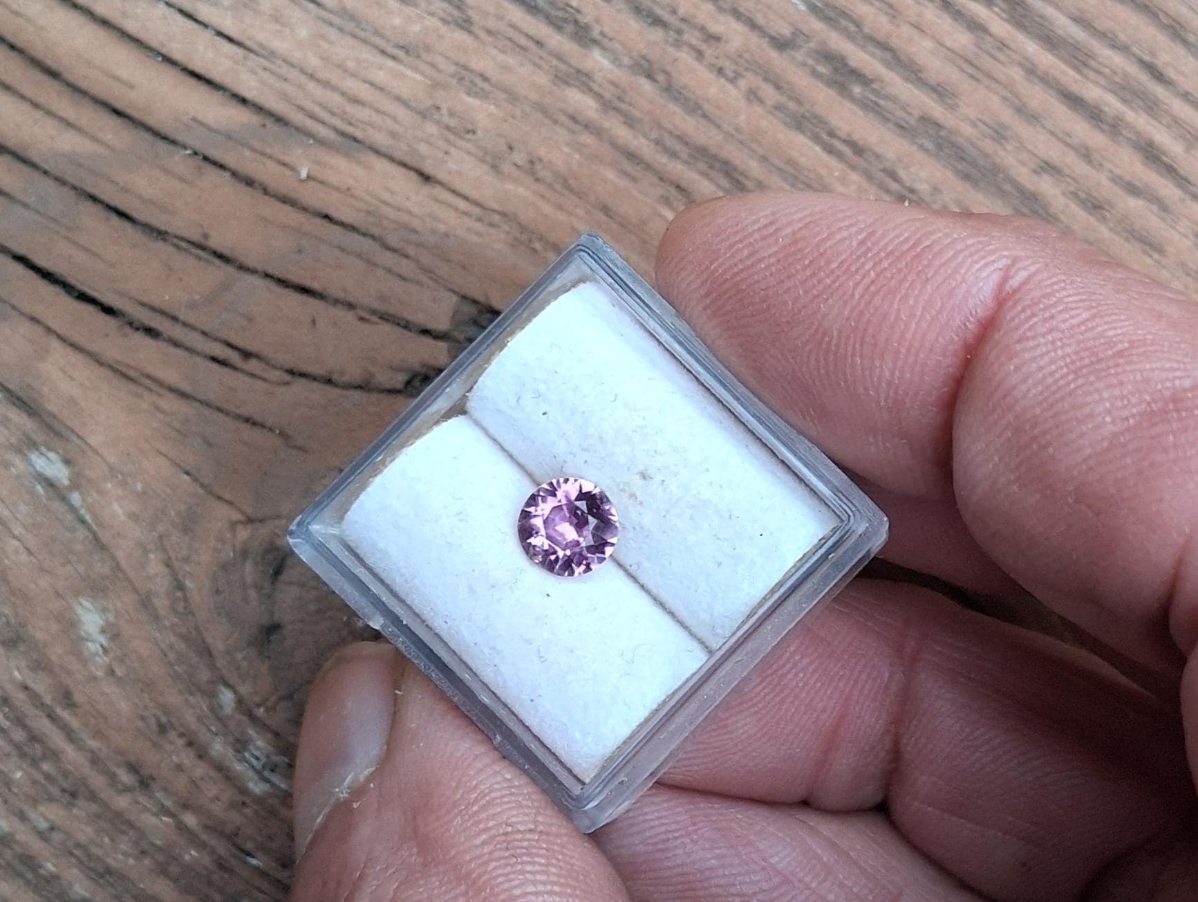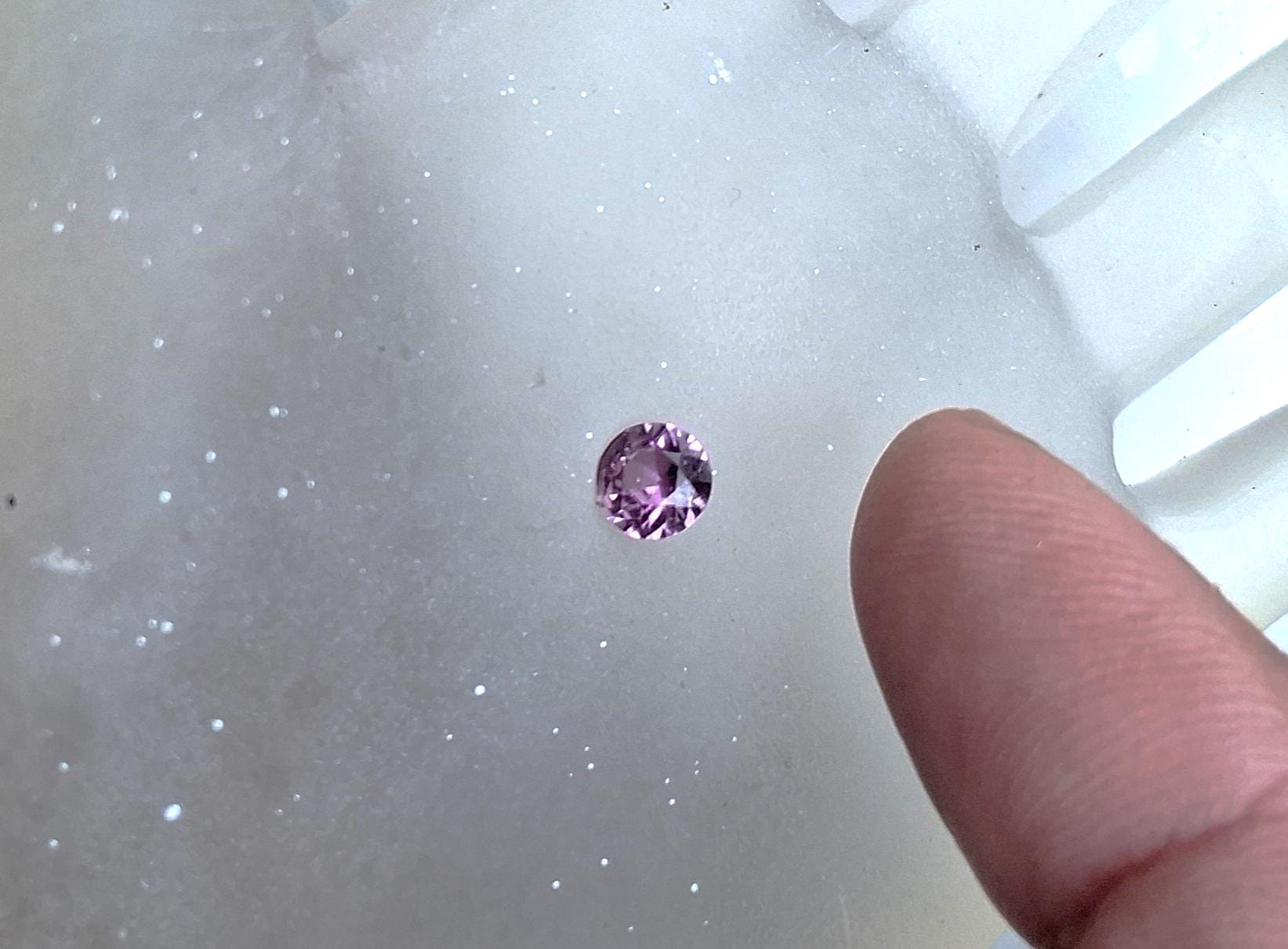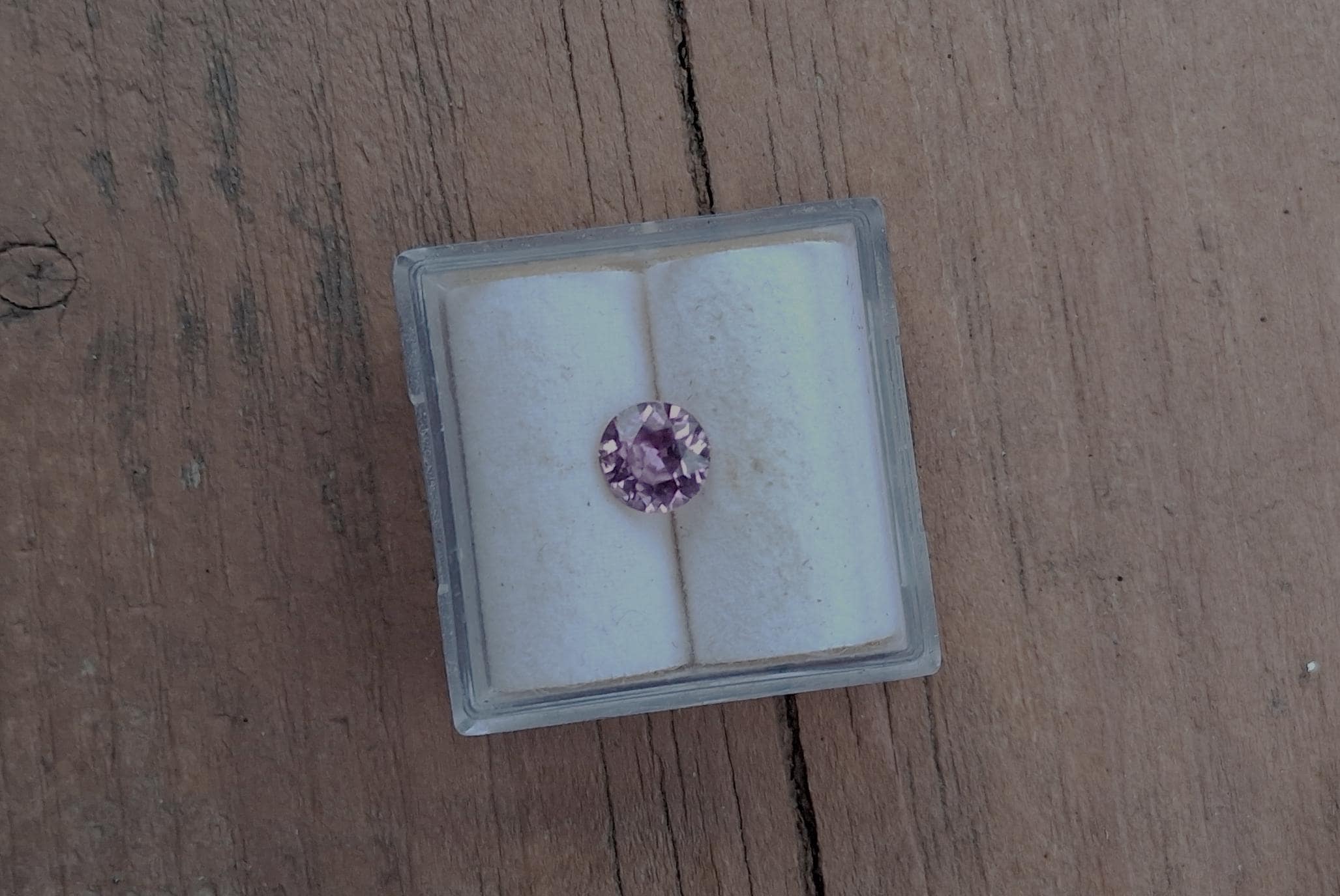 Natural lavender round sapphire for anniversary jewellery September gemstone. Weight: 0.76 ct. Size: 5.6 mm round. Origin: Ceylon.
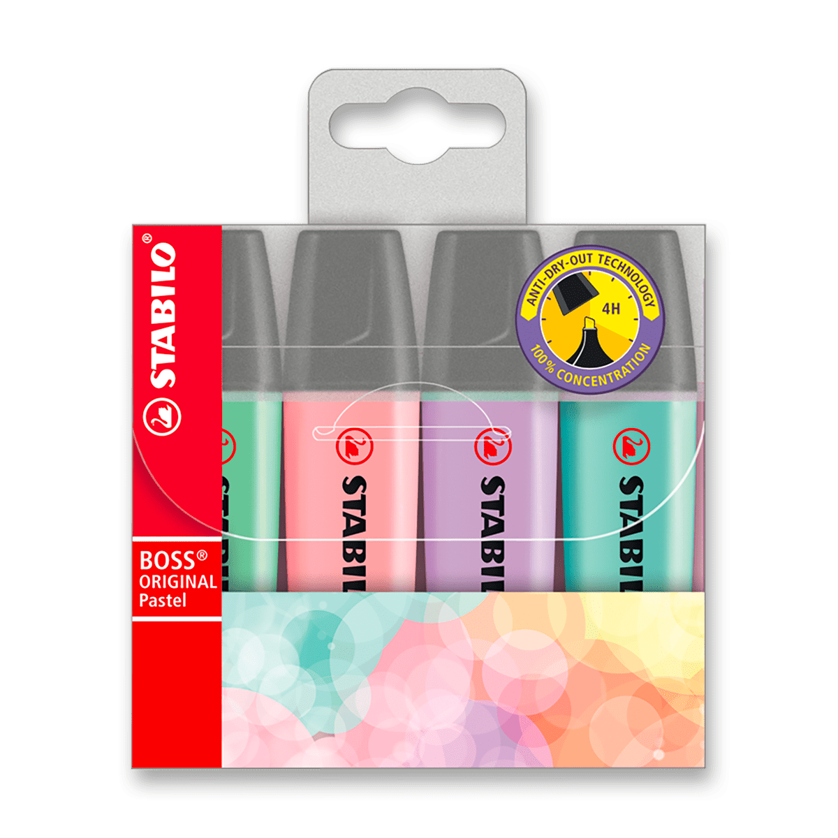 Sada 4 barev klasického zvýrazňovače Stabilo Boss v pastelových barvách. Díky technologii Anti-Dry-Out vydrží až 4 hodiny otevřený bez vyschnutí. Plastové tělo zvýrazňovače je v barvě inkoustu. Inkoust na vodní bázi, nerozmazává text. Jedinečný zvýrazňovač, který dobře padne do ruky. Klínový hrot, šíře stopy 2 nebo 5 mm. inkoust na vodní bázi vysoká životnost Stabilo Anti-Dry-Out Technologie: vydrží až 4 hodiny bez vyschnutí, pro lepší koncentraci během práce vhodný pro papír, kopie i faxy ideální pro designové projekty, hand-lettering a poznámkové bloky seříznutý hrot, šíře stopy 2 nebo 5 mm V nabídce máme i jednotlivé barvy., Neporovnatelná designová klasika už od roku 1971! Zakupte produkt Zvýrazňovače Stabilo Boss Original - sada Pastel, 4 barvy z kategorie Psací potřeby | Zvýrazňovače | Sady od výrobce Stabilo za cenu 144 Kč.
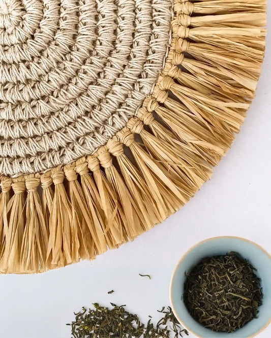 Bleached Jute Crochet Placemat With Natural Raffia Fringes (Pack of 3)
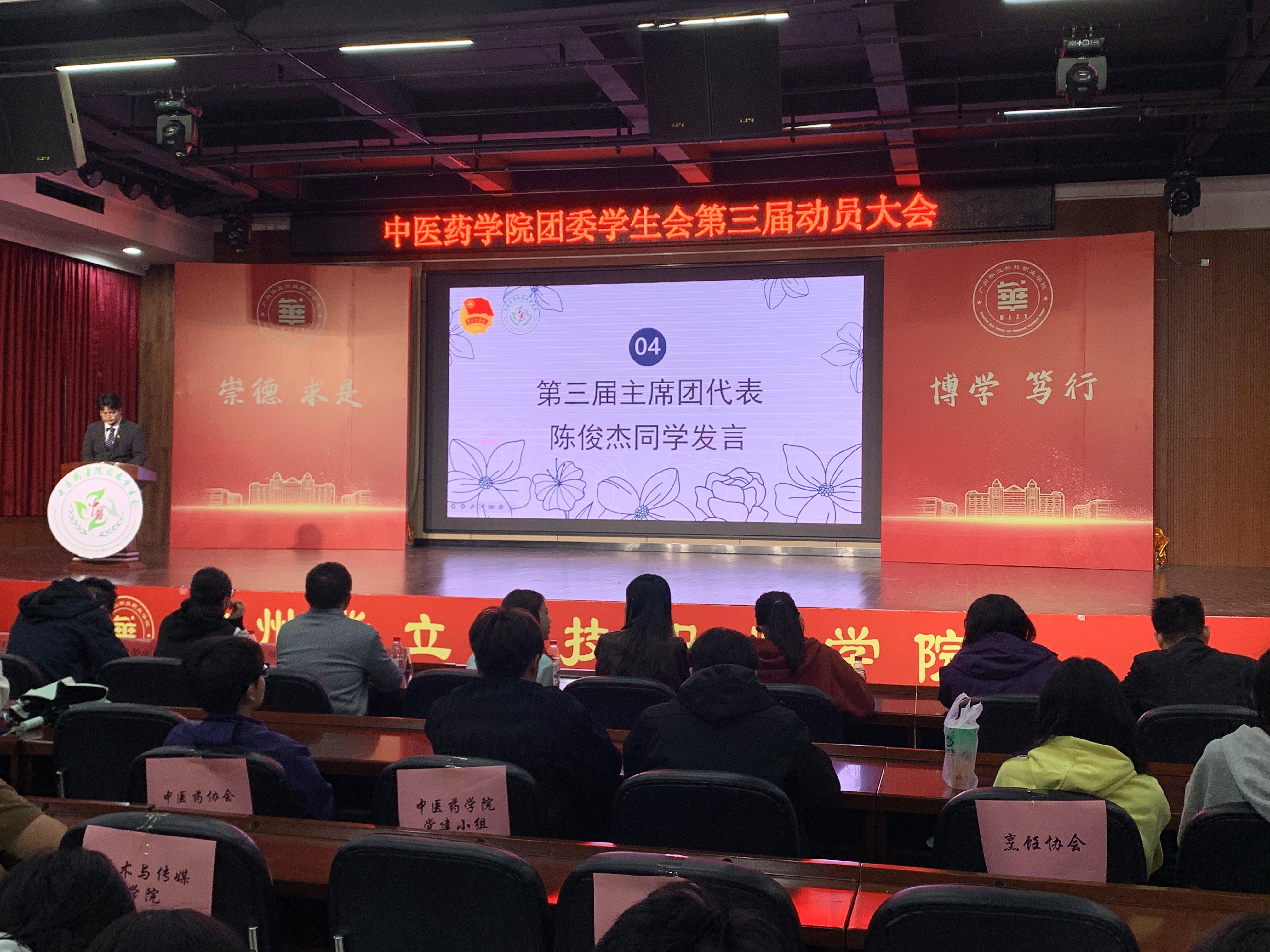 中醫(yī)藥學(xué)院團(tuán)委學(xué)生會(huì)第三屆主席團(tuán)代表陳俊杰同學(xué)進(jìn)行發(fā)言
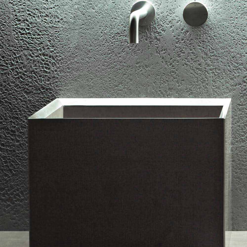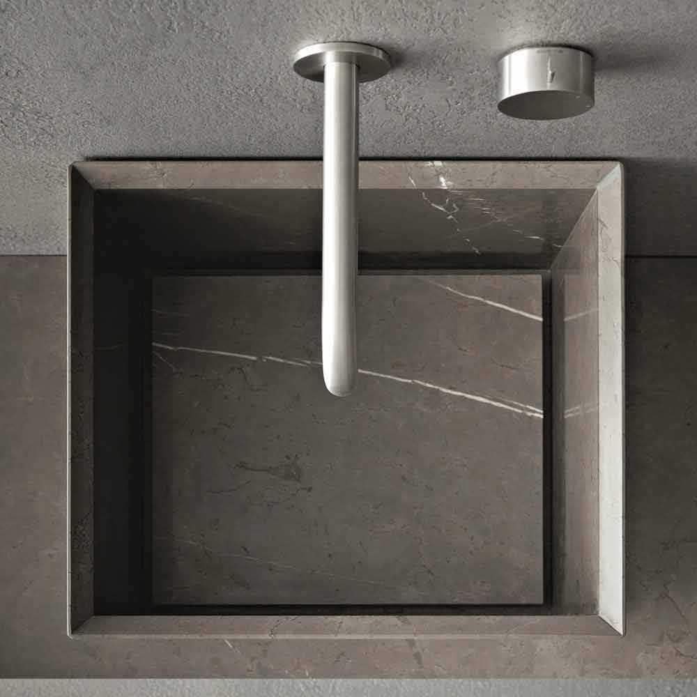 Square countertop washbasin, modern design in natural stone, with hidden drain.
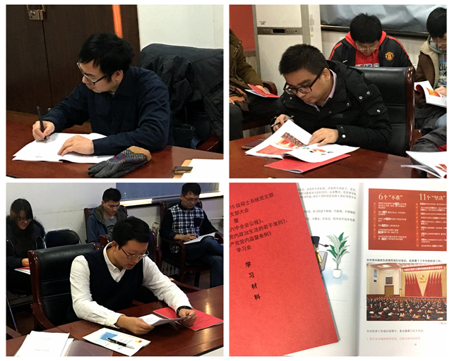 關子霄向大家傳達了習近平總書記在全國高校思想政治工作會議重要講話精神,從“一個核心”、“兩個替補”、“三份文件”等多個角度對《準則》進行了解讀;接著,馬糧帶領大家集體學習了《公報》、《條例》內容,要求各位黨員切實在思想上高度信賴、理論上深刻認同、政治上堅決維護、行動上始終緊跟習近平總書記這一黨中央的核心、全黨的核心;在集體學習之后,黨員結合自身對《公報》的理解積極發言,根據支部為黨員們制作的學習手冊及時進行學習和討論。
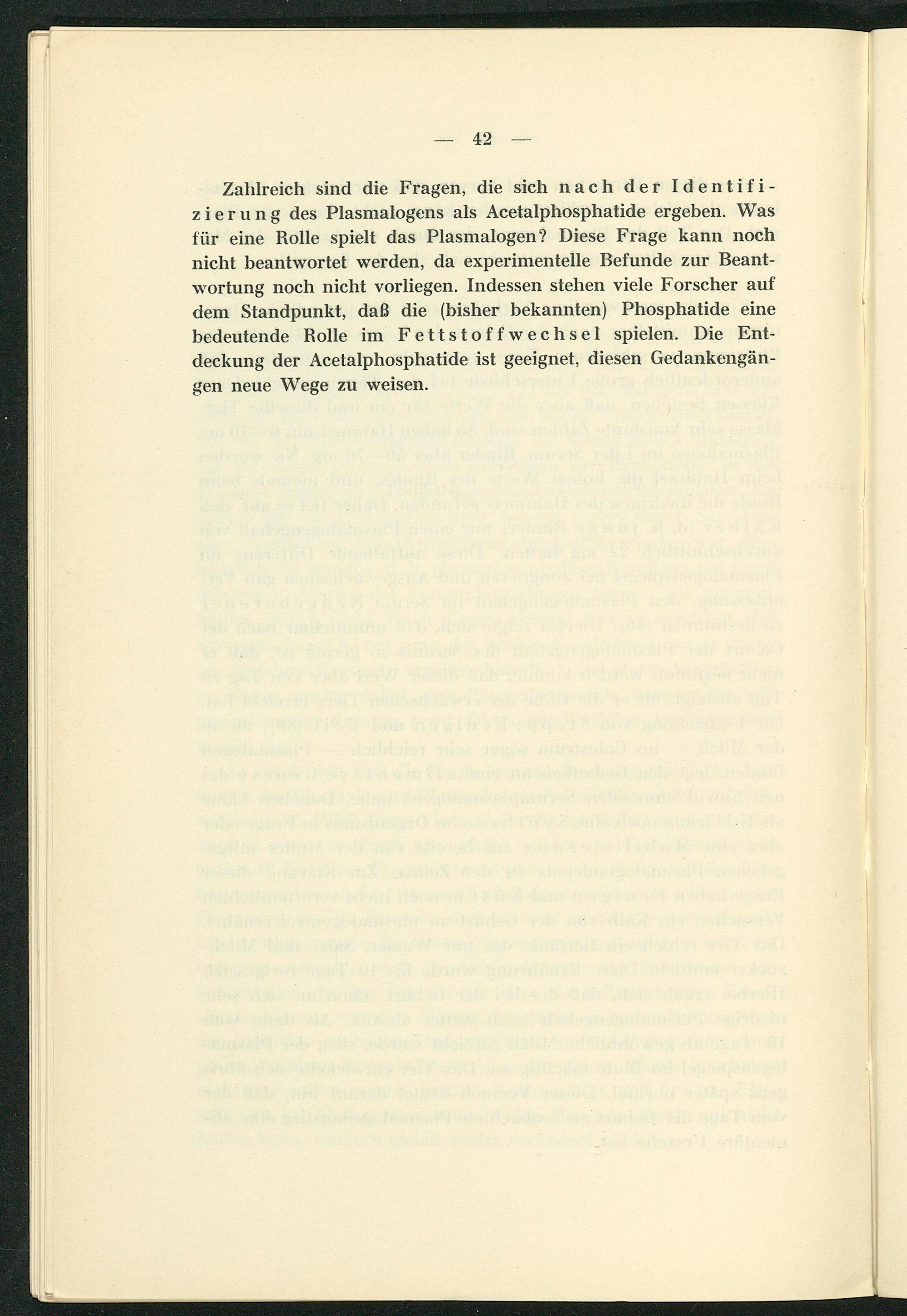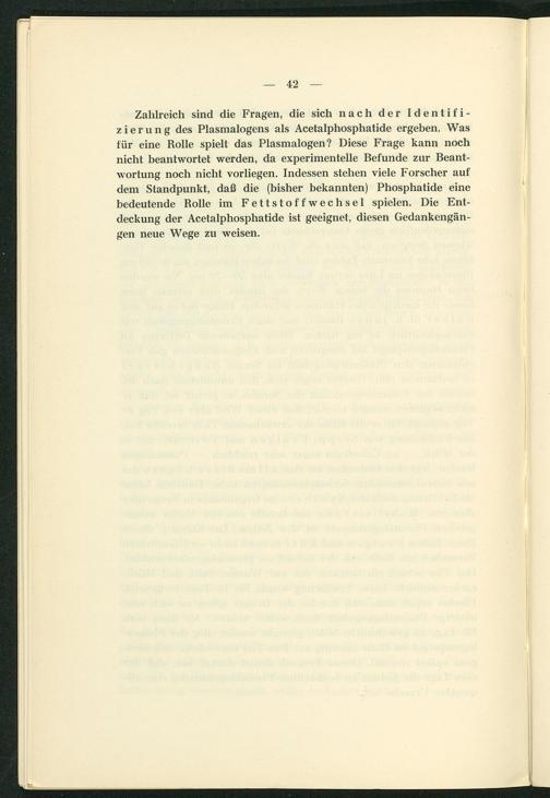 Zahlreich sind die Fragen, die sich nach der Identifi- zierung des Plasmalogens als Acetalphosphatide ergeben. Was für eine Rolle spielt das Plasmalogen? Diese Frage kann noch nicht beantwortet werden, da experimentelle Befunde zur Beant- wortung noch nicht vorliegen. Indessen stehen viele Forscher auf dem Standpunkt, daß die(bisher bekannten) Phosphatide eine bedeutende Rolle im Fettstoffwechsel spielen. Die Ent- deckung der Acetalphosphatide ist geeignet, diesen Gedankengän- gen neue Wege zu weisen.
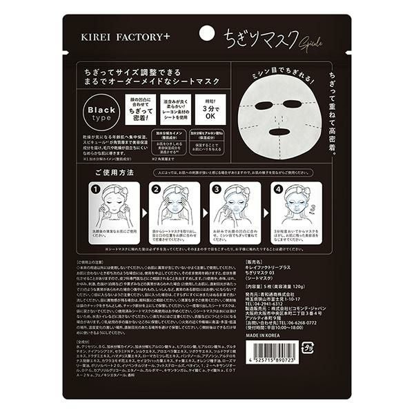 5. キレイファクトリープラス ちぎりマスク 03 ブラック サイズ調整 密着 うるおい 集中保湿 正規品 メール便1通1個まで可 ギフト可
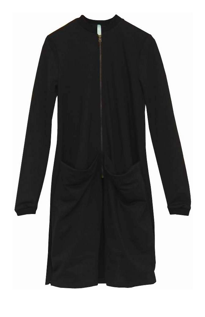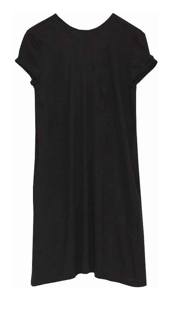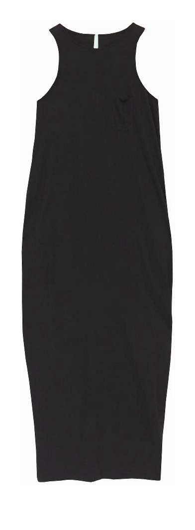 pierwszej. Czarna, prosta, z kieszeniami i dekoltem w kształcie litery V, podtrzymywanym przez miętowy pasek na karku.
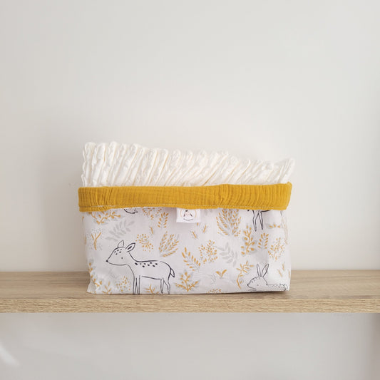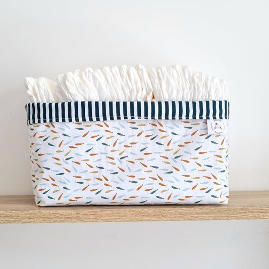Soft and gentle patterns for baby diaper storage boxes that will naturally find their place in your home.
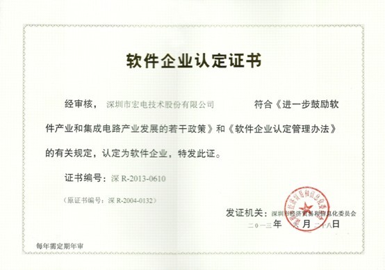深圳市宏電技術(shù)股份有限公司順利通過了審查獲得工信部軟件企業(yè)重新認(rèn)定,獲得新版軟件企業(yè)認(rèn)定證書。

**Exercise aim:** Quote every line of the records above exactly; no picture is to be copied.

**Finished exercise:**
 Natural lavender round sapphire for anniversary jewellery September gemstone. Weight: 0.76 ct. Size: 5.6 mm round. Origin: Ceylon.
 Sada 4 barev klasického zvýrazňovače Stabilo Boss v pastelových barvách. Díky technologii Anti-Dry-Out vydrží až 4 hodiny otevřený bez vyschnutí. Plastové tělo zvýrazňovače je v barvě inkoustu. Inkoust na vodní bázi, nerozmazává text. Jedinečný zvýrazňovač, který dobře padne do ruky. Klínový hrot, šíře stopy 2 nebo 5 mm. inkoust na vodní bázi vysoká životnost Stabilo Anti-Dry-Out Technologie: vydrží až 4 hodiny bez vyschnutí, pro lepší koncentraci během práce vhodný pro papír, kopie i faxy ideální pro designové projekty, hand-lettering a poznámkové bloky seříznutý hrot, šíře stopy 2 nebo 5 mm V nabídce máme i jednotlivé barvy., Neporovnatelná designová klasika už od roku 1971! Zakupte produkt Zvýrazňovače Stabilo Boss Original - sada Pastel, 4 barvy z kategorie Psací potřeby | Zvýrazňovače | Sady od výrobce Stabilo za cenu 144 Kč.
 Bleached Jute Crochet Placemat With Natural Raffia Fringes (Pack of 3)
 中醫(yī)藥學(xué)院團(tuán)委學(xué)生會(huì)第三屆主席團(tuán)代表陳俊杰同學(xué)進(jìn)行發(fā)言
 Square countertop washbasin, modern design in natural stone, with hidden drain.
 關子霄向大家傳達了習近平總書記在全國高校思想政治工作會議重要講話精神,從“一個核心”、“兩個替補”、“三份文件”等多個角度對《準則》進行了解讀;接著,馬糧帶領大家集體學習了《公報》、《條例》內容,要求各位黨員切實在思想上高度信賴、理論上深刻認同、政治上堅決維護、行動上始終緊跟習近平總書記這一黨中央的核心、全黨的核心;在集體學習之后,黨員結合自身對《公報》的理解積極發言,根據支部為黨員們制作的學習手冊及時進行學習和討論。
 Zahlreich sind die Fragen, die sich nach der Identifi- zierung des Plasmalogens als Acetalphosphatide ergeben. Was für eine Rolle spielt das Plasmalogen? Diese Frage kann noch nicht beantwortet werden, da experimentelle Befunde zur Beant- wortung noch nicht vorliegen. Indessen stehen viele Forscher auf dem Standpunkt, daß die(bisher bekannten) Phosphatide eine bedeutende Rolle im Fettstoffwechsel spielen. Die Ent- deckung der Acetalphosphatide ist geeignet, diesen Gedankengän- gen neue Wege zu weisen.
 5. キレイファクトリープラス ちぎりマスク 03 ブラック サイズ調整 密着 うるおい 集中保湿 正規品 メール便1通1個まで可 ギフト可
 pierwszej. Czarna, prosta, z kieszeniami i dekoltem w kształcie litery V, podtrzymywanym przez miętowy pasek na karku.
Soft and gentle patterns for baby diaper storage boxes that will naturally find their place in your home.
深圳市宏電技術(shù)股份有限公司順利通過了審查獲得工信部軟件企業(yè)重新認(rèn)定,獲得新版軟件企業(yè)認(rèn)定證書。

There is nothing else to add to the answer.